You might not guess as much by considering this photo (above) of G.K., but he was a mirthful (albeit single-minded) defender of mirth. In fact, he claimed mirth was one of the benefits of being Christian, a faith he relentlessly defended, partly through a running argument--in print and on the radio--with G.B. Shaw, famed atheist. At the same time, Chesterton was most interested in egalitarian economics and some forms of socialism, but of course not the forms that dismissed religion. He was in favor of distributing wealth, in other words, and probably would have (and did?) mock the idea of "redistributing" wealth. He may have argued for distributing wealth first and then worrying about "redistribution" later, as the quotation above may suggest.

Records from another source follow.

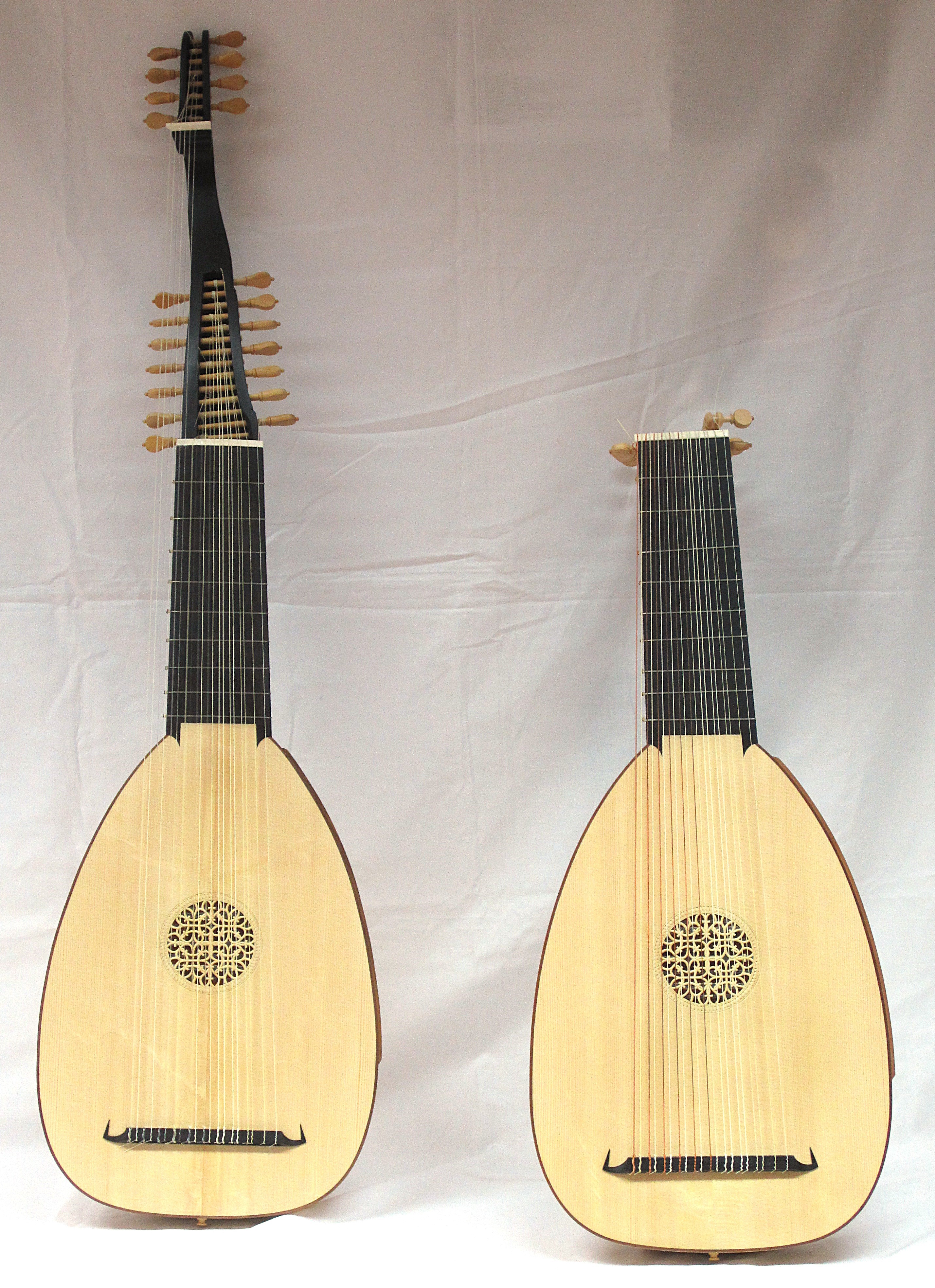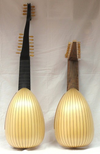 Rechts: Möglichst exakter Nachbau der originalen Knickhals Laute von Jacob Langenwalder 1627 / Umbau 11 chörig von Matthias Greimbl Kremsmünster 1678.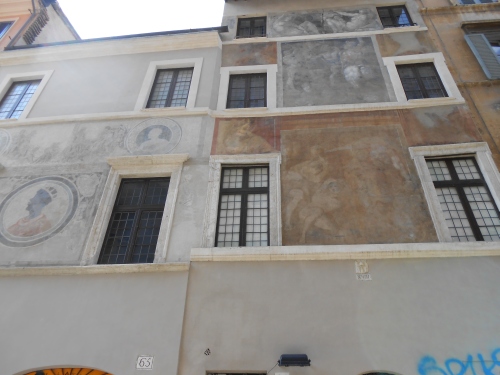 The frescoes on the façade, a masterpiece of exquisite beauty by Polidoro da Caravaggio, who worked with Raphael at the Vatican’s Loggias, depict scenes of Roman history. The second palazzetto features a Moor King, owner of a famous inn, in sgraffiato. Both façades have been thoroughly restaured by the private owners, under the tutelage of the Italian Ministry of Fine Arts. Polidoro da Caravaggio’s drawings and other masterpieces are exposed at the Louvre Museum in Paris, at London’s National Gallery and are part of the British Royal Collection.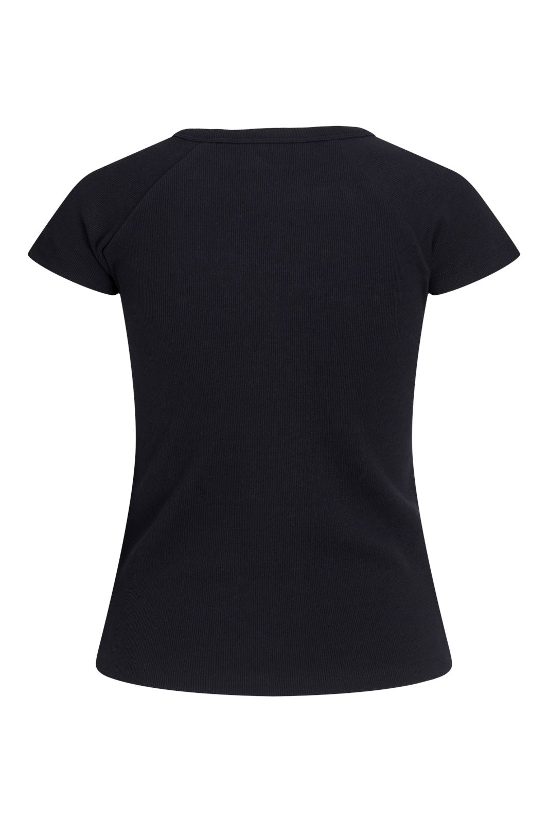 Zwarte t-shirt van Jjxx in ribbreisel met stretch-pasvorm. De t-shirt heeft een ronde halslijn en korte mouwen. De strakke pasvorm volgt de lijnen van het lichaam en biedt goede bewegingsvrijheid.

Based on my imperfect understanding of Chesterton's work, I assume he would attribute the existence of mirth to God's having given it to humans. I'm willing to entertain that possibility, but I think it's also entertaining to ponder whether mirth is something that evolved, along with opposable thumbs, for example. Cats and dogs certainly play, but do they experience mirth? Do primates? (I know: "define mirth.") How much does the human brain have to develop before it generates a sense of mirth, triggers a laugh? No doubt Chesterton would mercilessly and mirthfully skewer my desire to understand mirth through the lens of evolution. In any event, I couldn't help thinking of Chesterton as one reader over my shoulder when I drafted the following poem.

The Birth of Mirth

I don't know how many cells a creature
must possess until it develops a sense
of play as distinguished from or in concert
with function. (My knowledge of science
is a source of mirth to scientists I know.)
Regarding mammals, more particularly
humans, I've deduced with my Left Brain
that at some dim prehistoric parliamentary
meeting of variables, babies started laughing
soon after birth if not before. At that
unfalsifiable point, the mythical door
of mirth opened. What a nice selection.
How funny. Perhaps, like me,

you've laughed at babies who laughed
unprompted, and you felt the quirky purity
of mirth. Maybe sometimes you just want
to go out or stay in and have
a few laughs. Anyway, it's all traceable
(this is a lie) back to the birth of mirth.
How is humor? Why is funny? Mirth must
be. This much we know, or this little.